> [TASK TO COMPLETE] What you return should be the lines from the one with "Характеристика цели классного" through the one with "Lighten up. Our" in the data below, reproduced exactly with both ends, and no pictures at all.
BEGIN EXTRACTED DATA
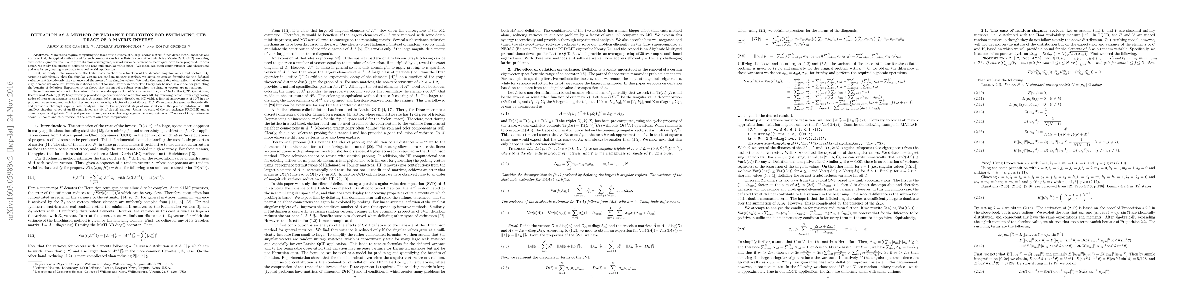 Many fields require computing the trace of the inverse of a large, sparse matrix. The typical method used for such computations is the Hutchinson method which is a Monte Carlo (MC) averaging over matrix quadratures. To improve its convergence, several variance reductions techniques have been proposed. In this paper, we study the effects of deflating the near null singular value space. We make two main contributions. First, we analyze the variance of the Hutchinson method as a function of the deflated singular values and vectors. Although this provides good intuition in general, by assuming additionally that the singular vectors are random unitary matrices, we arrive at concise formulas for the deflated variance that include only the variance and mean of the singular values. We make the remarkable observation that deflation may increase variance for Hermitian matrices but not for non-Hermitian ones. This is a rare, if not unique, property where non-Hermitian matrices outperform Hermitian ones. The theory can be used as a model for predicting the benefits of deflation. Second, we use deflation in the context of a large scale application of "disconnected diagrams" in Lattice QCD. On lattices, Hierarchical Probing (HP) has previously provided an order of magnitude of variance reduction over MC by removing "error" from neighboring nodes of increasing distance in the lattice. Although deflation used directly on MC yields a limited improvement of 30% in our problem, when combined with HP they reduce variance by a factor of over 60 compared to MC. For this, we pre-computated 1000 smallest singular values of an ill-conditioned matrix of size 25 million. Using PRIMME and a domain-specific Algebraic Multigrid preconditioner, we perform one of the largest eigenvalue computations in Lattice QCD at a fraction of the cost of our trace computation.
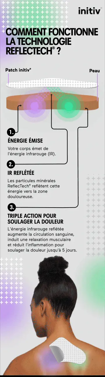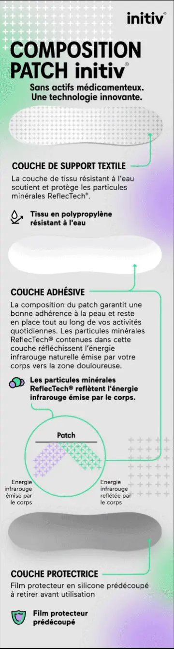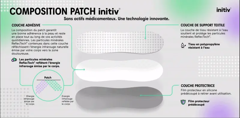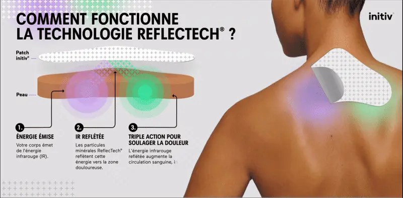 Votre corps émet de la chaleur qui génère de l'énergie infrarouge. Le patch Initiv® est recouvert de particules minérales ReflecTech®, qui reflètent l'énergie infrarouge émise par le corps vers la zone douloureuse. Cette énergie infrarouge pourra agir localement, notamment en induisant une vasodilatation (augmentation de la circulation sanguine au niveau des capillaires), une action anti-inflammatoire et anti-oxydante.
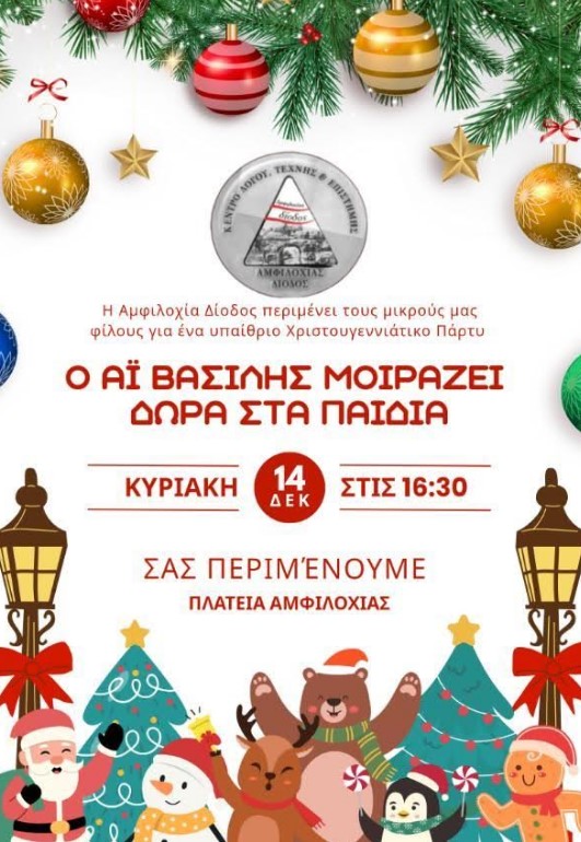 Πριν από τη φωταγώγηση χριστουγεννιάτικου δέντρου θα πραγματοποιηθεί υπαίθριο χριστουγεννιάτικο πάρτι για τα παιδιά με τον Άι Βασίλη και πολλά δώρα από το Κέντρο Λόγου, Τέχνης και Επιστήμης “Αμφιλοχίας Δίοδος”.
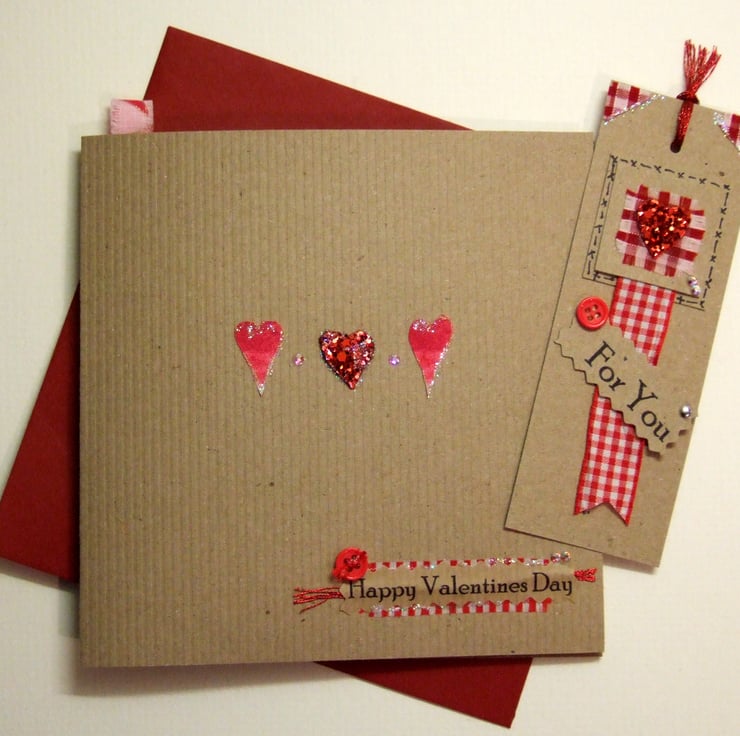 A tag saying, 'Happy Valentines Day' is on the front of the card and a small message tag is attached on the front of the bookmark saying, 'For You' or '4U'
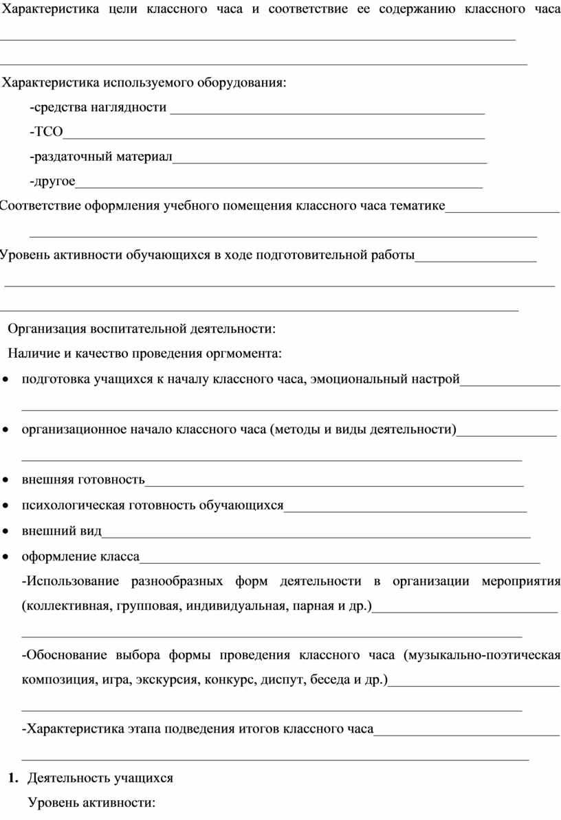 Характеристика цели классного часа и соответствие ее содержанию классного часа _________________________________________________________________________
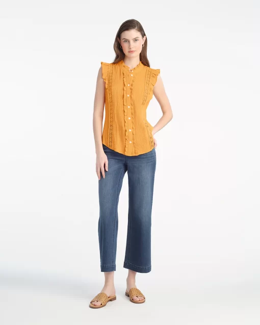 Lighten up. Our Ruffle Top in Crinkle Cotton is a summer must-have, a perfect match for everything from jean shorts to skirts.
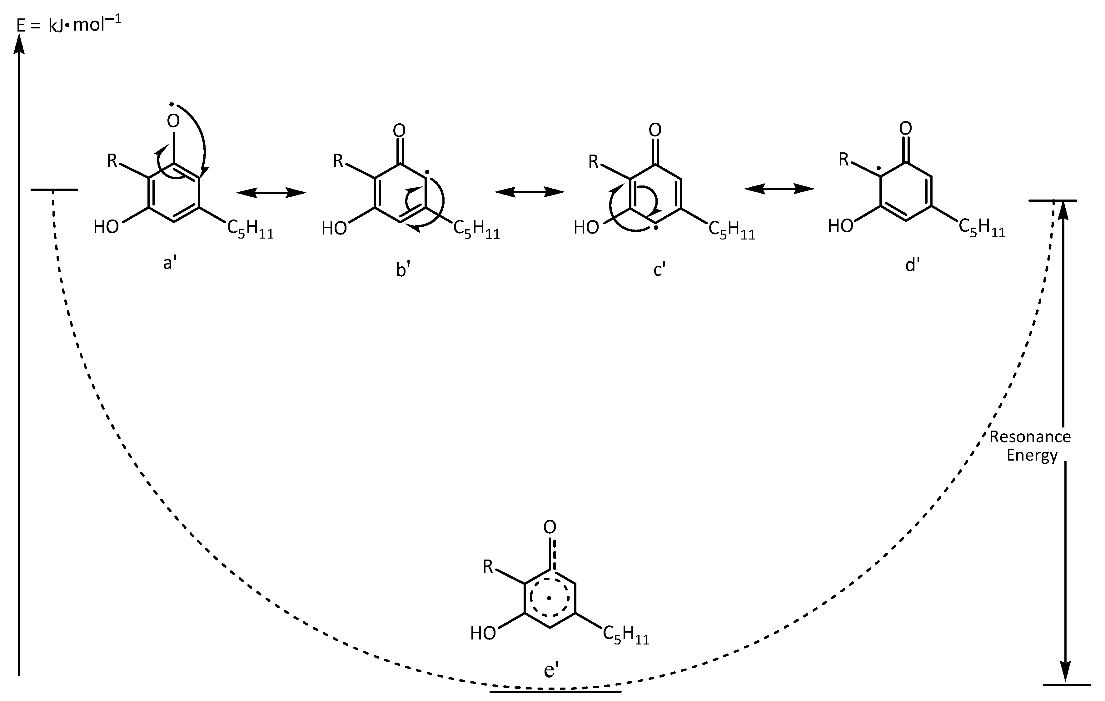 - Vacek, J.; Vostalova, J.; Papouskova, B.; Skarupova, D.; Kos, M.; Kabelac, M.; Storch, J. Antioxidant function of phytocannabinoids: Molecular basis of their stability and cytoprotective properties under UV-irradiation. Free Radic. Biol. Med. 2021, 164, 258–270. [Google Scholar] [CrossRef]
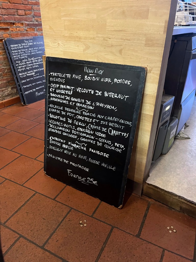 The menu is a chalkboard with three appetizers, three entrees and three dessert options. All for 25 euros.
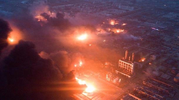Синьхуа агенттигинин кабарына караганда айыл – чарба дарыларын өндүргөн химия заводунда чыккан жарылууга заводдо чыккан жана жайылган өрт себеп болду.
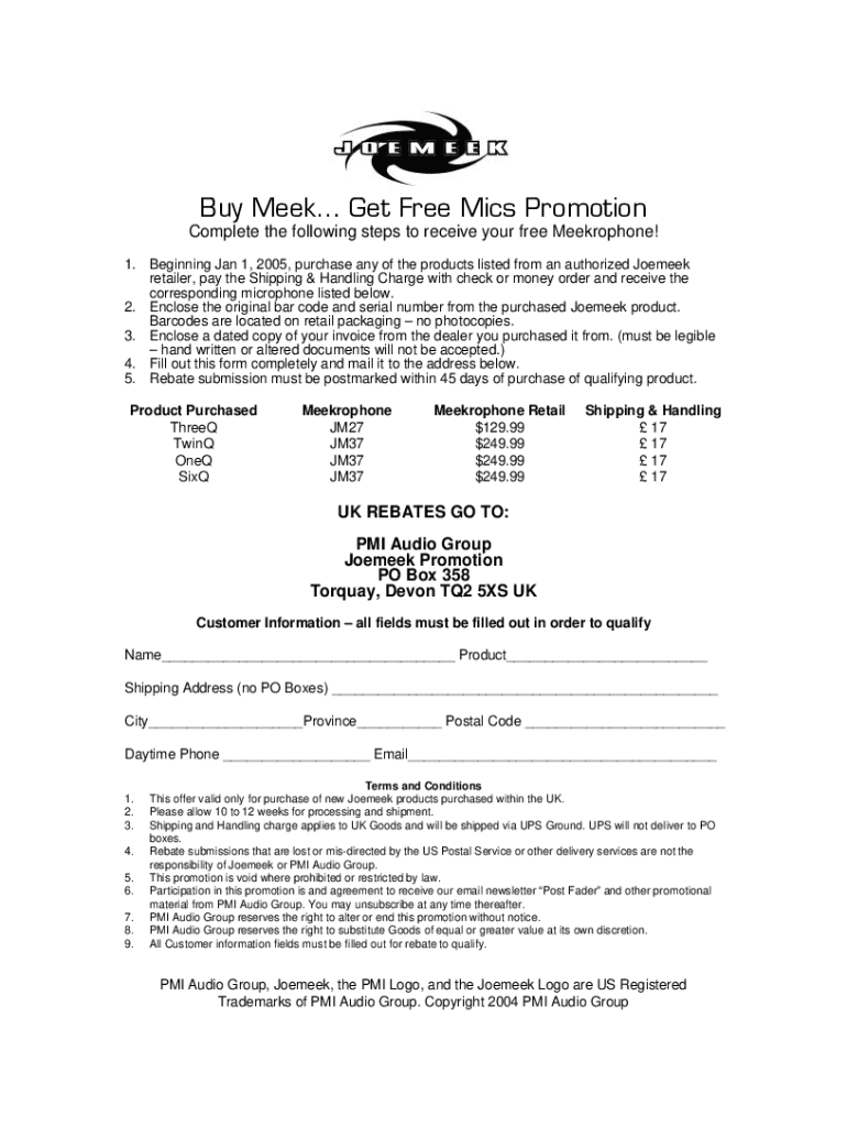 Buy Meek Get Free Mics Promotion Complete the following steps to receive your free Microphone! 1. Beginning Jan 1, 2005, purchase any of the products listed from an authorized Joe meek retailer, pay
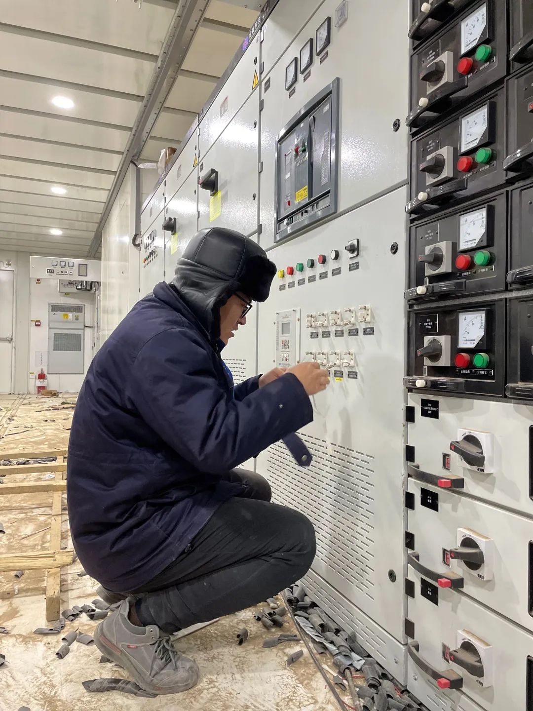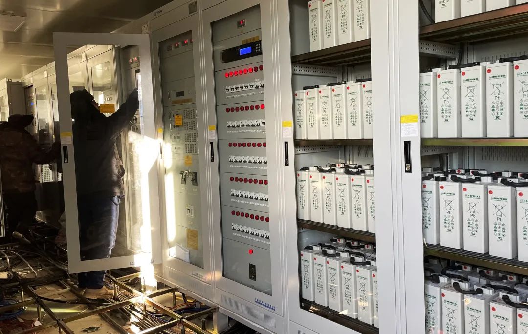 一期工程利用磷酸铁锂电池储能技术,共建设86个储能电池仓,一个仓11簇电池,每簇26个电池组,每组14个电池芯。这些电池仓可以储存电量28万千瓦时,相当于12727辆新能源汽车的储电量。“这些电池仓累计共有80万个信息点需要检测,由于调试工作的特殊性与精密性,去年冬天调试时通常需要将双手暴露在零下20摄氏度的环境中长达十几个小时,我们仅用一个多月就完成了所有调试任务。”项目调试中心负责人杨国帅回忆道。
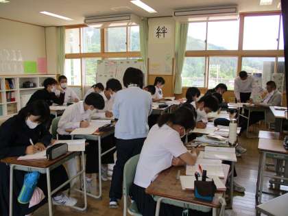 5月26日(水) 数学の授業の様子です。 ルートの計算問題に取り組んでいます。 学び合う姿が多数ありました。
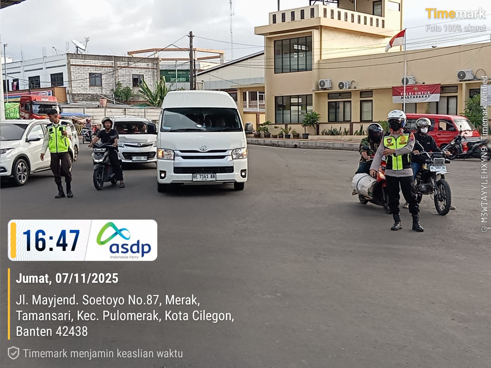 Polsek KSKP Merak Polres Cilegon Pastikan Kelancaran Antrian Penyeberangan ke Bakauheni
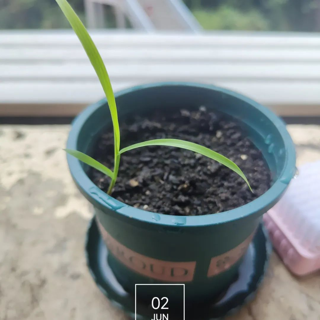 5月27日第一个星期过去了,从特别边的角落里长出了一片叶子,天哪。终于看见绿了,担心了好多天,怕阳台没有太阳,舍友也关注了好多天!6月2日小草长得巨快!可以看出来他是一颗草了,我的花呢?又发现旁边有一颗很小很小的芽,还带着苞,这应该就是花了!不过才一朵。
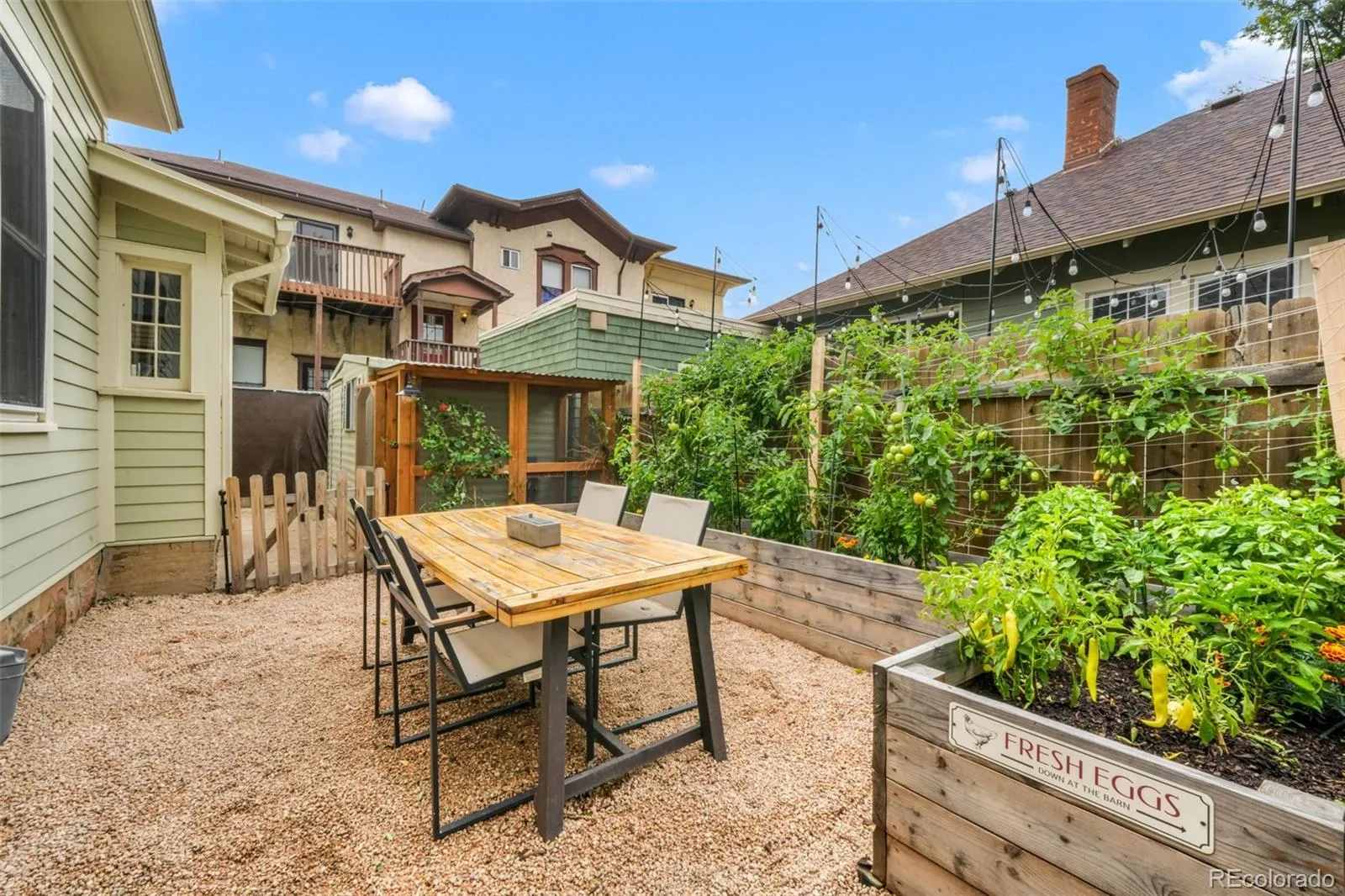 Welcome to this beautifully updated Craftsman cottage located in the heart of Colorado Springs’ highly sought-after Old North End neighborhood. A perfect blend of classic charm and modern sophistication, this home effortlessly combines the timeless elegance of its original design with the thoughtful updates and conveniences of today’s lifestyle.From the moment you arrive, you’ll be captivated by the home’s inviting curb appeal, complete with a new front fence, lush landscaping, and raised garden beds. Step inside to discover warm hardwood floors, intricate original woodwork, tall ceilings, and custom molding that reflect the historic character of the home. The spacious front living room offers stunning views of Pikes Peak and provides a welcoming space filled with natural light, ideal for both everyday living and entertaining.The fully remodeled kitchen is a true centerpiece, featuring sleek stainless steel appliances including a gas range with downdraft hood, dishwasher, and refrigerator. Custom cabinetry, quartz countertops, and a reverse osmosis water system offer a perfect balance of beauty and functionality. Adjacent to the kitchen, a dedicated dining area with hardwood floors and classic trim.The primary suite is filled with light and features a generous custom walk-in closet with built-in shelving. The newly renovated bathroom includes a deep soaking tub, elegant custom tile, and all-new fixtures. A large, updated mudroom and laundry room at the rear of the house provides extra storage and leads out to the patio. Here, you’ll find even more to love, including a chicken coop and space to garden, relax, or entertain. This home has been meticulously maintained with key updates including a new electrical panel and wiring, central air conditioning, high-efficiency furnace, sprinkler system, updated siding, and fresh paint inside and out. Every detail has been thoughtfully curated to preserve the home’s character while offering peace of mind and modern comfort.
END EXTRACTED DATA
> [ANSWER SECTION]
 Характеристика цели классного часа и соответствие ее содержанию классного часа _________________________________________________________________________
 Lighten up. Our Ruffle Top in Crinkle Cotton is a summer must-have, a perfect match for everything from jean shorts to skirts.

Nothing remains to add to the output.